Archaeological site in Virginia, United States

Kentland Farm Historic and Archeological District is a historic home, archaeological site, and national historic district located near Blacksburg, Montgomery County, Virginia. The district encompasses a complex of 19th century agricultural outbuildings associated with a Federal and Greek Revival style brick dwelling built 1834–1835. Located in the district are significant archaeological resources that include a complex of Late Woodland village or camp sites.

==Native American Occupation==
There is archeological evidence of a Late Woodland Period occupation on the site. "An archeological survey, conducted in 1991, confirmed that there is at least one extensive Late Woodland Period (AD 800-1600) prehistoric Indian village located on the farm. The investigation resulted in the recovery of hundreds of artifacts including weapons, stone tools and lithic debris from tool manufacture, fragments of aboriginal clay pottery, fire-cracked rocks from hearths or fireplaces, and other pieces. There is also evidence of Native American Shawnee habitation and migration in the late 1700s through Kentland Farm, Toms Creek, Virginia, and the New River (Kanawha River)."

==Kent Family==
James Randal Kent acquired the farm in the early 1800s. According to the U.S. Census just prior to the Civil War, Kent produced corn, wheat, wool, butter, hay, clover seed, oats, flax seed, plus horses, cattle, sheep and swine, and owned 123 slaves. His property holdings were twice as valuable as the next wealthiest landowner in Montgomery County.

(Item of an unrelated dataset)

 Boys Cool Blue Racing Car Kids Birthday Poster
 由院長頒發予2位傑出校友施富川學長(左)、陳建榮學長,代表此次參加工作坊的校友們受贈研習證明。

James Kent also owned the largest number of slaves in the region. Before the Civil War, along with his daughter who owned another farm across the river, that is now the site of the Radford Arsenal, they owned 250 slaves in 1860.

===Farm Buildings===
The site today still maintains several buildings from the Kent family farm period. This includes the antebellum brick manor house, and other buildings including a mill, numerous early farm buildings, garden areas, an antebellum cemetery for the Kent family and for the slave community.

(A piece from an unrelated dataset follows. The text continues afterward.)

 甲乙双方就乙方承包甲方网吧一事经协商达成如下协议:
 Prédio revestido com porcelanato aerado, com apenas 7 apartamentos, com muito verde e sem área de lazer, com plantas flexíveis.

Many of the farm buildings "were constructed in the 1950s and have been retrofitted over and over again. Some have been abandoned, like two old concrete block silos that still stand on the site." Other buildings are more recently constructed, from the 1980s to the present. Some of the old barns held unexpected finds, such as an old apple cider press and early chain saws, now refurbished and used by the students.

The house is considered modest today, but was built of brick to keep it cool during the summers. German stonemasons mined limestone from Brush Mountain, while slaves mined clay from nearby pits and made the bricks for the home and the six-sided smokehouse. "Other, long forgotten artisans worked on the house's interior, including a perfectly preserved and ornately carved wooden handrail on the main staircase."

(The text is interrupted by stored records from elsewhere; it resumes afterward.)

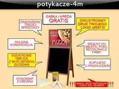 Potykacz posiada dodatkowo dwie górne tablice, które przkręcone są na zawiasach - umożliwiają one zastosowanie własnych wkładek reklamowych o wymiarach: 53,5 x 42 cm. Po rozłożeniu górnych tablic potykacz jest łatwiejszych do schowania i zajmuje mniej miejsca. Dzięki zastosowaniu górnej tablicy, treści umieszczone na niej znajdują się dokładnie na linii wzroku Państwa potencjalnych klientów. Powierzchnie do pisania wykonane są z płyt HDF. Potykacz nadaje się do zastosowania przy restauracjach, pubach, barach, hotelach itp.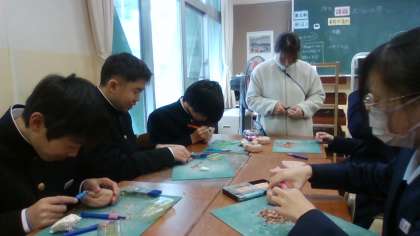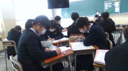写真 上:1年2組 英語 中:1年1組 国語 下:1年6組 美術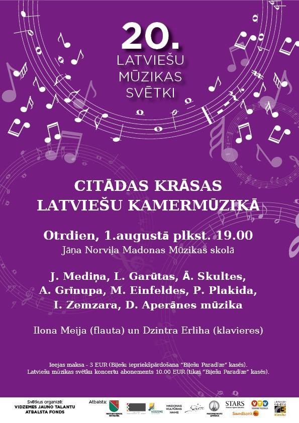 Jāņa Norviļa Madonas mūzikas skolā, Blaumaņa ielā 16, 1.augustā pulksten 19:00.

The manor house was built in 1834-35 as a two-story, five-bay, Flemish bond brick I house, extended two story ell, stone foundation, metal-sheathed gable roof, Federal and Greek revival interior and exterior detailing, and adjacent cistern, two-story kitchen, and hexagonal brick meat house (Patricia Givens Johnson, 1995).

==Virginia Tech==
Virginia Tech acquired the 1,785 acre Kentland Farm in a controversial land swap on December 31, 1986. The acquisition expanded the college farm to over 3,000 acres. The farm was purchased for the support of teaching, research, and extension programs in the Virginia Tech College of Agriculture and Life Sciences.

There has been some discussion about the preservation and demonstration of African American habitation on the site. This includes the location and preservation of slave cemeteries, cabins and other evidence of their use of the land.

in 2015, construction began on Virginia Tech's $14 million dairy center on Kentland Farm. Subsequently, Virginia Tech's 500-head dairy herd and production facility was relocated to the farm. Other projects at the time included improving soil characteristics on the farm.

==National Register of Historic Places==
It was listed on the National Register of Historic Places in 1991, with a boundary increase in 2006.